Aktivitas garis belakang atau ranah domestik dalam paradigma gender modern, misalnya. Sebagaimana saya ambil paradigma Feminine Mystique-nya Friedan, sebagaimana dikutip dari Lindsey Blake Churchill; “Housework should not be seen as a ‘career’, but as something to finish as quickly as possible (Pekerjaan rumah (kerja garis belakang) tidak harus kita pandang sebagai karir, melainkan sebagai sesuatu (yang remeh) yang dapat selesai dengan cepat).
Pandangan semacam ini, dalam konteks kehidupan sosial yang sedang berlangsung, mungkin termasuk cara pandang progresif yang dapat memajukan eksistensi perempuan.
Namun, sebaliknya, kalau kita membawa pandangan ini dalam membaca sejarah perempuan, maka dapat berdampak pada ketidak-utuhan melihat eksistensi perempuan dalam sejarah.
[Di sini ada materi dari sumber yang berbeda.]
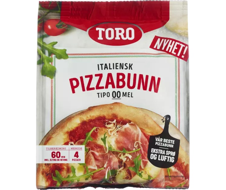 Vegetarisk : Plantebasert kosthold/rett som kan inneholde meieriprodukter, egg og honning, samt ingredienser med opprinnelse i disse. TORO Pizzabunn Italiensk er laget av Tipo 00 mel som gir en ekstra sprø og luftig bunn. Passer til to tynne langpannepizza, eller fire runde porsjonspizza. Lett å like, lett å lage.

Sebab, akan ada banyak kesejarahan perempuan, baik sosok maupun kiprah, di garis belakang yang akan kita pandang sebagai peristiwa remeh, atau sebagai masa lalu saja dan bukan sejarah.
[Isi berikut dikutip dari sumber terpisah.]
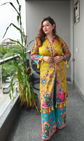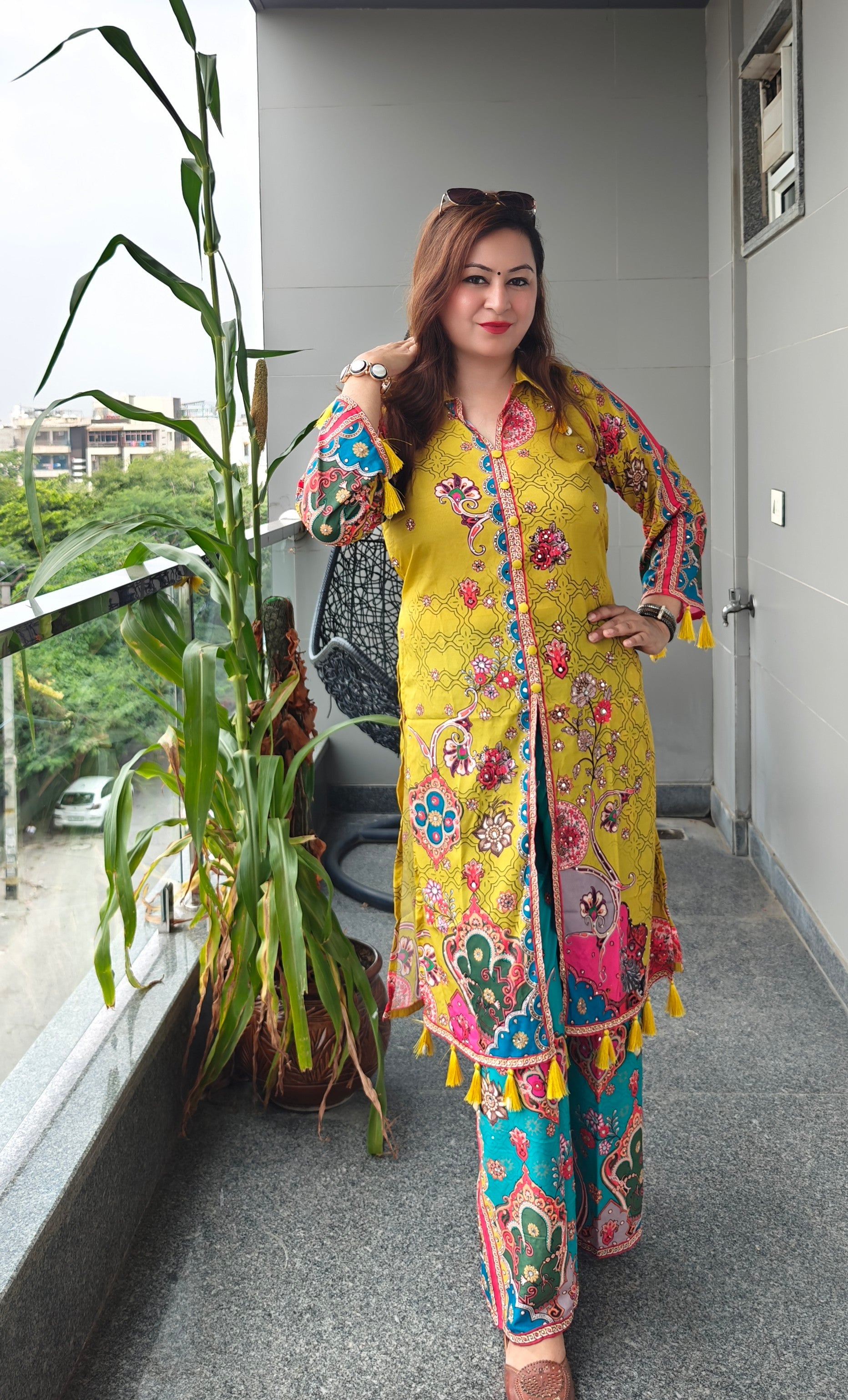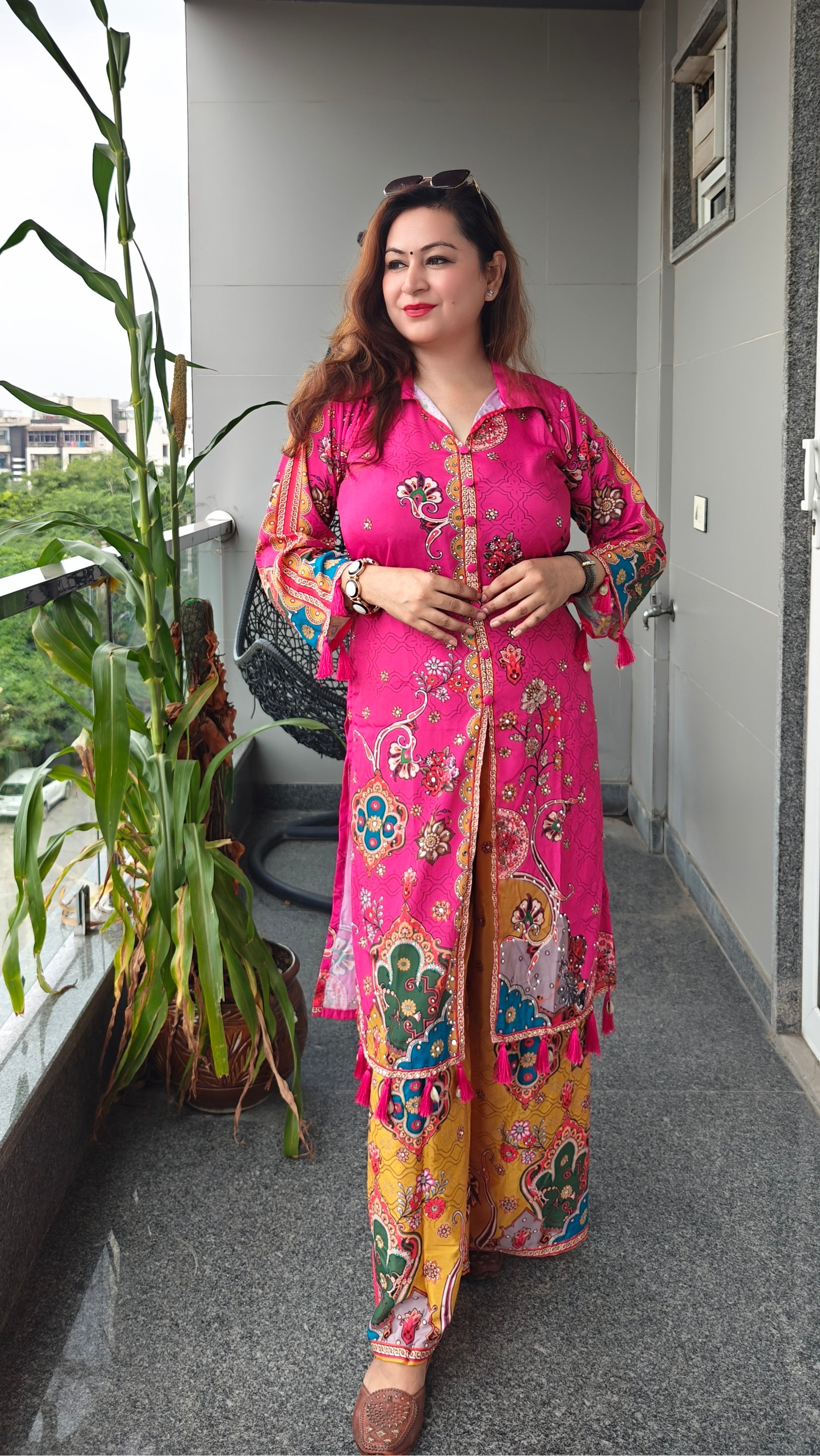 Bring a burst of color to your wardrobe with our Fuchsia Sunshine Semi Crepe Coord Set. Designed in vibrant shades of pink and mustard, this coord set features a statement button-down kurta adorned with eclectic floral and paisley prints. The tassel accents along the hem add a playful charm, while the wide-legged pants in contrasting hues elevate the look with a modern twist. Crafted in soft semi crepe fabric, it offers effortless drape and all-day comfort, making it perfect for festive gatherings, brunches, or casual chic outings.

Peran Perempuan di Garis Belakang
Oleh karena itu, dalam konteks kesejarahan, kita tidak harus memandang aktivitas perempuan di garis belakang sebagai sesuatu yang remeh. Terlebih, secara historis, memang banyak aktivitas garis belakang perempuan Nusantara yang memberikan pengaruh dalam peradaban.
Misalnya, Nyai Solichah Wahid selain punya kiprah perpolitikan dan gerakan kemanusiaan (garis depan) yang luar biasa, kita juga tidak boleh mengabaikan kesejarahan garis belakangnya. Yakni sebagai ibu yang punya komitmen kuat mendidik anak-anaknya. Satu bukti nyata keberhasilan didikan Nyai Solichah itu adalah Gus Dur (Abdurrahman Wahid) yang tumbuh menjadi sosok toleran.
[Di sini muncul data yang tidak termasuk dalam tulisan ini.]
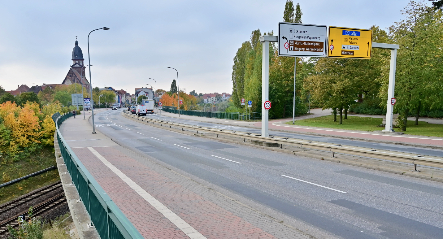 Wie berichtet, ist die 50 Jahre alte Brücke seit langem ein Sorgenkind, das Straßenbauamt Neustrelitz will sie ab Ende 2024 erneuern. Kostenpunkt rund 30 Millionen Euro. Den Großteil trägt der Bund, doch die Stadt soll für den neuen Rad- und Gehweg zur Kasse gebeten werden. Das konnten nach derzeitigen Schätzungen etwa 2,5 Millionen Euro werden, wenn Fördermittel in Höhe von 75 Prozent fließen, wie gehofft, bleiben für die Stadt noch etwa 600 000 Euro. Doch auch diese Summe ist den Stadtvertretern zu hoch und muss ihrer Ansicht nach gar nicht sein. Denn in den Planungen wird von einem 4,20 Meter breiten Weg ausgegangen, in den anderen Bereichen des Schweriner Damms sind’s nur drei Meter, die sich Radfahrer und Fußgänger teilen, ohne sich dabei ins Gehege zu kommen.

Contoh lain, misalnya, sosok Nyi Ageng Pandanaran. Di mana sejauh pengetahuan penulis, meski kiprah garis depannya masih terbilang buram, namun kita tidak lantas mengabaikan sosoknya dalam sejarah. Sebagai istri Ki Ageng Pandanaran (pendiri Semarang).
Jika kita mendasari pandangan pada relasi saling suami-istri dalam peradaban Islam Nusantara–maka dia punya peran garis belakang yang penting sebagai sosok yang menopang kesuksesan suaminya. Sehingga, keduanya terpandang bersama sebagai pembangun peradaban Islam di Semarang.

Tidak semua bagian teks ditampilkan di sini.